> Task objective:
Write out exactly the lines below from the one containing "(Il dott. Maisara" to the last, both ends kept, and nothing more; skip all pictures.
-------- Input data
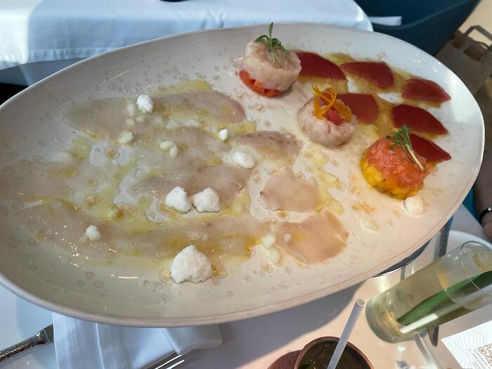 Но коли мы пришли в такое заведение, то и выбор надо делать соответствующий... Мы выбрали сет из ассорти карпаччо и тартаров: тунец, дорадо, аргентинская креветка, гребешок, лосось.
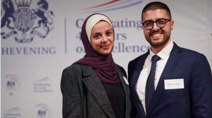 (Il dott. Maisara Azmi Al Rayyes e sua moglie Laura, borsisti Chevening, via social).
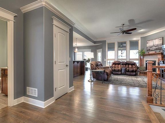 Coventry floor plan. Home sits up high and has amazing sun set views. All the extras in the home make it better than new! Gorgeous blinds, stained covered deck, extra trim throughout the home, soft corners, long tall windows, gorgeous grey hardwood flooring, sleek kitchen cabinets that are built to the ceiling. Open kitchen to family room makes this floorplan so desirable. Lower level has own living quarters including kitchen with pantry, laundry hook ups, and large bedroom with large walk in shower.
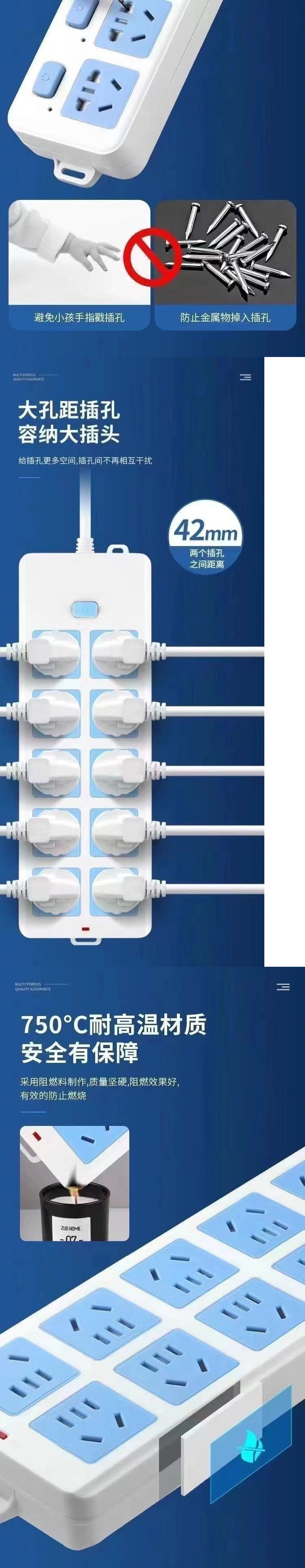 正版公纯铜插座排插大功率接线板插排线板家用无线带线宿舍插板
----------------
> Answer to the exercise:
 (Il dott. Maisara Azmi Al Rayyes e sua moglie Laura, borsisti Chevening, via social).
 Coventry floor plan. Home sits up high and has amazing sun set views. All the extras in the home make it better than new! Gorgeous blinds, stained covered deck, extra trim throughout the home, soft corners, long tall windows, gorgeous grey hardwood flooring, sleek kitchen cabinets that are built to the ceiling. Open kitchen to family room makes this floorplan so desirable. Lower level has own living quarters including kitchen with pantry, laundry hook ups, and large bedroom with large walk in shower.
 正版公纯铜插座排插大功率接线板插排线板家用无线带线宿舍插板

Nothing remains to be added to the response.